Purpose: To conduct a systematic review of the mechanisms of photobiomodulation therapy (PBMT) for treating or preventing oral mucositis (OM) caused by antineoplastic therapy.
Methods: Following PRISMA 2020 guidelines, a search was conducted in Medline, Latin American and Caribbean Health Sciences Literature (LILACS), Scientific Electronic Library Online (SciELO), and Bibliografia Brasileira de Odontologia from August to September 2023 using descriptors related to OM and laser therapy. Studies on the mechanisms of photobiomodulation in OM were included. Randomized (RCTs) or non-randomized trials from the past 10 years were reviewed. Risk of bias was assessed using RoB 2.0 and ROBINS-I tools.

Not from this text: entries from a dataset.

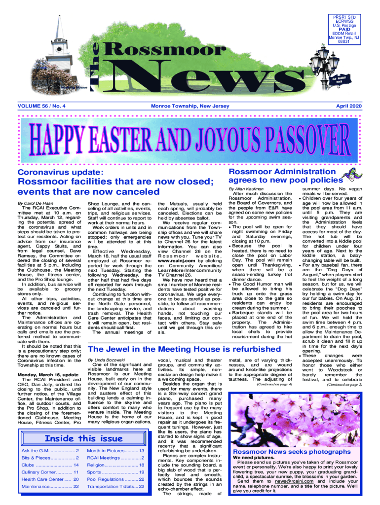 PRSRT STD ECRWSS U.S. Postage PAID EDDM Retail Monroe Twp., NJ 08831VOLUME 56 / No. 4Monroe Township, New JerseyCoronavirus update:Rossmoor facilities that are now closed; events that are now canceled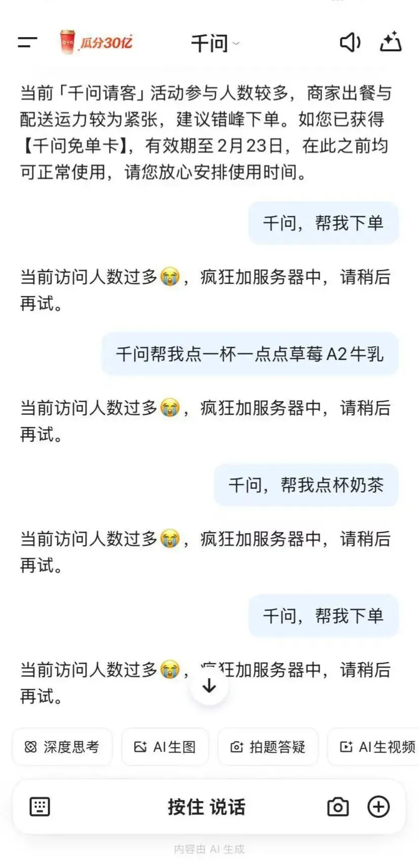 上线当天,就有不少用户反馈,活动出现服务器卡顿问题。一位武汉用户介绍,当晚,他尝试用千问下单奶茶,多次输入口令后系统均提示“当前访问人数过多,疯狂加服务器中,请稍后再试”。千问官方也在活动首日下午发帖称“今天累垮了,球球大家明天再来。”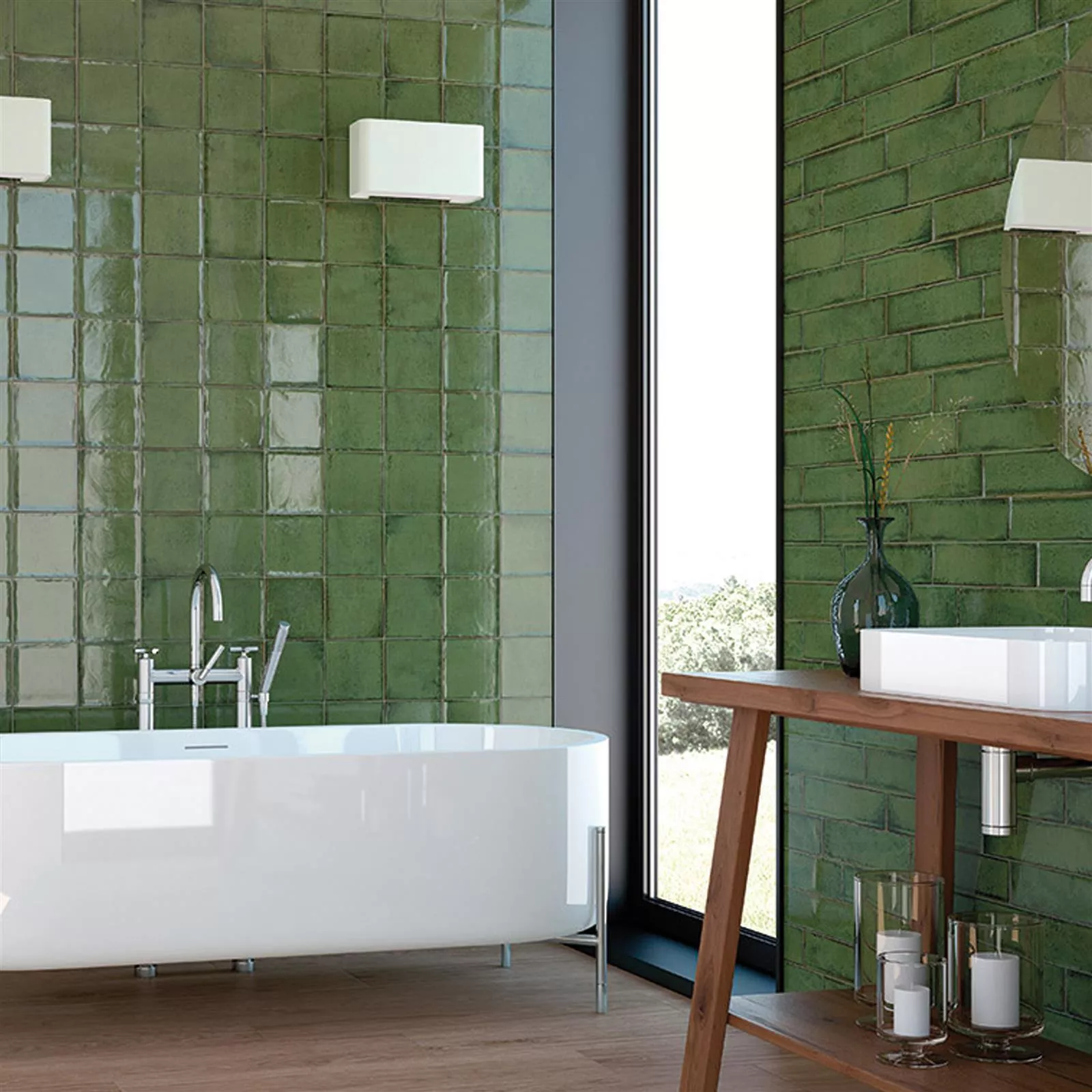 Sample Wandtegels Maestro Gegolfd Glanzend Olijfgroen 15x15cm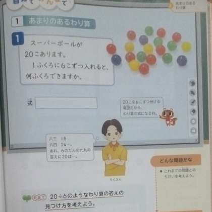 あまりのあるわり算 公開日 2024/07/04 更新日 2024/07/04 3年 3年生は算数科「あまりのあるわり算」を学習しています。20個のビー玉を1袋に6個ずつ入れていき、何袋できるかを答えます。わり算の考え方を使うと、式は「20÷6」になりそうです。でも、6に段では「六一が6、六二12,六三18、六四24、あれ!」どうすればいいでしょうか。 いいね(0)

Results: A total of 355 studies was identified. After the screening, seven met the eligibility criteria. The RCTs showed a low risk of bias. PBMT reduced OM incidence in patients undergoing chemotherapy/radiotherapy. PBMT decreased pro-inflammatory cytokines (interleukin-6, tumor necrosis factor-α) and increased anti-inflammatory cytokines (interleukin-4, interleukin-10). It also modulated inflammatory mediators, enhancing the antioxidant enzyme superoxide dismutase and overexpressing genes for keratinocyte differentiation, aiding injury repair.
Conclusion: The findings suggested that the mechanism of action of PBMT in OM involves modulation of the inflammatory response, balancing oxygen reactive species generation, and expression of factors related to healing or repair. Further studies are needed to elucidate these mechanisms and optimize treatment protocols.